■ **Task to complete**: Make an exact copy of the records below, leaving every image out.
** Extracted entries follows **
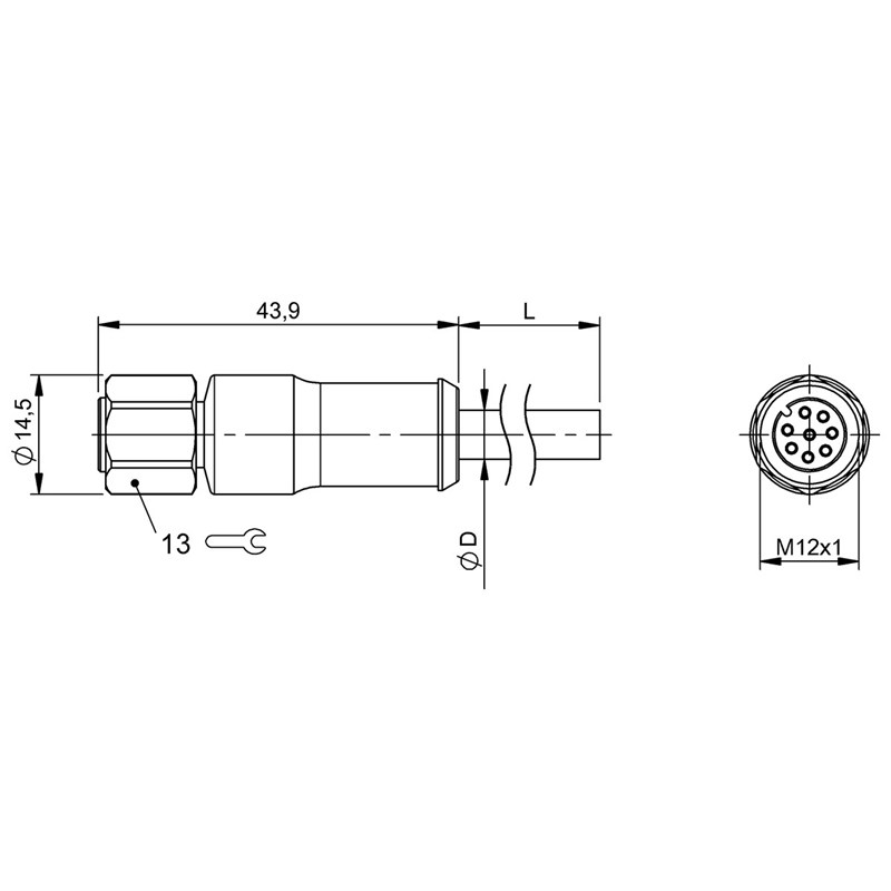 Connecteur / Câble de raccordement; Type: Câble de connexion, M12 x 1, Washdown; Type de signal: Capteurs / Actionneurs; Raccordement A: Connecteur M12, femelle droit, 8 pôles, codé-A; Raccordement B: Extrémité de câble libre; Câble: 5.00 m, TPE-V, 8 fils (8 x 0,25 mm²), gris; Blindage: Non blindé; Corps de poignée: PP; Matériau de l'écrou-raccord: Acier inoxydable (1.4404); Tension d'emploi Ub: 30 VDC / 30 VAC; Courant nominal (40 °C): 2.0 A; Classe de protection: IP67, IP69K; Température de câble, pose fixe: -50...105 °C; Température de câble, pose flexible: -25...105 °C; Homologation / conformité: CE, Ecolab, WEEE
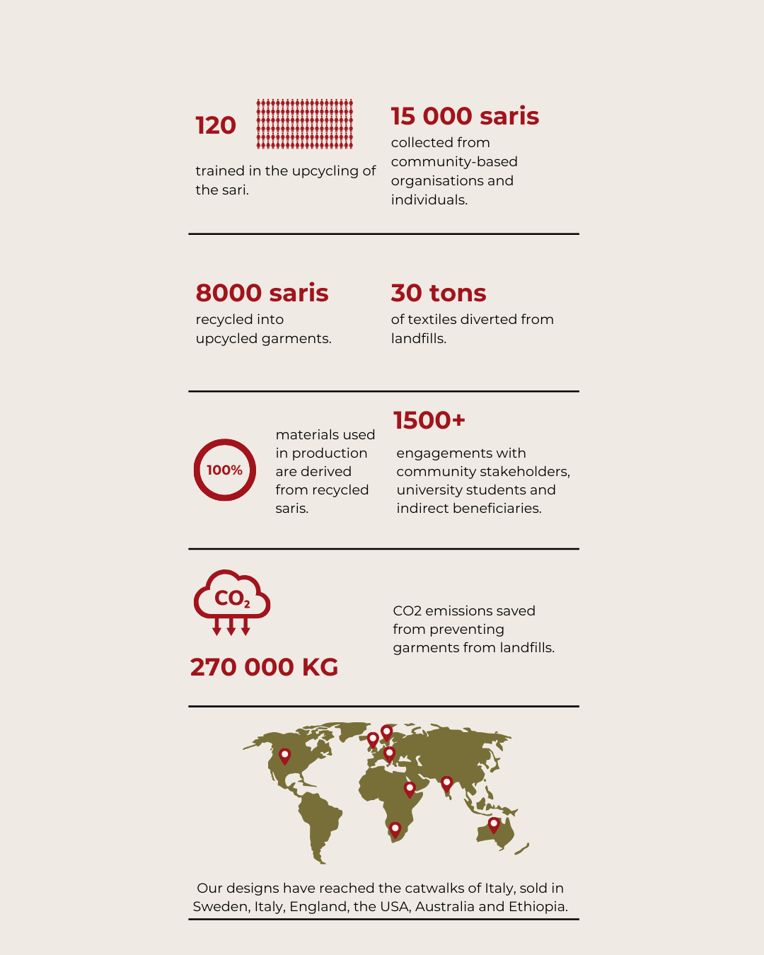 SFCF recycles, upcycles, repurposes, redesigns heritage textile reducing landfill waste.
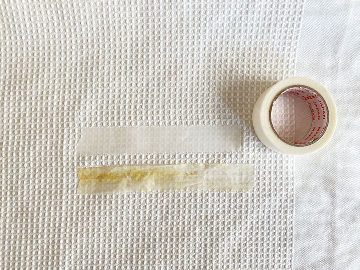 1年間1度も張り替えはしていませんが、たまに拭いたりしていたので、この部分に関してはほこりはありませんでした。ただ、マスキングテープを貼っていなかったら、シリコン素材にほこりがくっついてしまい、拭いただけでは取れなかったかと思います。もちろん、新しいテープに張り替え来年に備えます。さっと拭いてから、新しいテープを貼るだけ、簡単です。
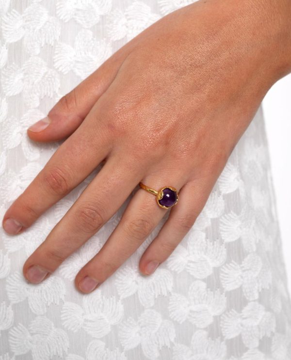 Un anillo fino con un estilo romántico muy original! Este anillo bañado en Oro de 18kt con una piedra redonda amatista natural en tono morado va a conquistar todos tus looks. Prueba a llevarlo con otros anillos finos dorados. La piedra al ser natural puede variar de tonalidad.
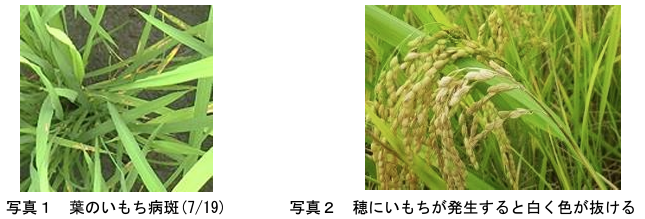 ・7月に入り、イネいもち病に感染しやすい気象条件の日が連続して確認されており、7月中旬以降、各地のほ場で発生がみられている。
** End of Extracted entries **
■ **Solution for this problem**:
 Connecteur / Câble de raccordement; Type: Câble de connexion, M12 x 1, Washdown; Type de signal: Capteurs / Actionneurs; Raccordement A: Connecteur M12, femelle droit, 8 pôles, codé-A; Raccordement B: Extrémité de câble libre; Câble: 5.00 m, TPE-V, 8 fils (8 x 0,25 mm²), gris; Blindage: Non blindé; Corps de poignée: PP; Matériau de l'écrou-raccord: Acier inoxydable (1.4404); Tension d'emploi Ub: 30 VDC / 30 VAC; Courant nominal (40 °C): 2.0 A; Classe de protection: IP67, IP69K; Température de câble, pose fixe: -50...105 °C; Température de câble, pose flexible: -25...105 °C; Homologation / conformité: CE, Ecolab, WEEE
 SFCF recycles, upcycles, repurposes, redesigns heritage textile reducing landfill waste.
 1年間1度も張り替えはしていませんが、たまに拭いたりしていたので、この部分に関してはほこりはありませんでした。ただ、マスキングテープを貼っていなかったら、シリコン素材にほこりがくっついてしまい、拭いただけでは取れなかったかと思います。もちろん、新しいテープに張り替え来年に備えます。さっと拭いてから、新しいテープを貼るだけ、簡単です。
 Un anillo fino con un estilo romántico muy original! Este anillo bañado en Oro de 18kt con una piedra redonda amatista natural en tono morado va a conquistar todos tus looks. Prueba a llevarlo con otros anillos finos dorados. La piedra al ser natural puede variar de tonalidad.
 ・7月に入り、イネいもち病に感染しやすい気象条件の日が連続して確認されており、7月中旬以降、各地のほ場で発生がみられている。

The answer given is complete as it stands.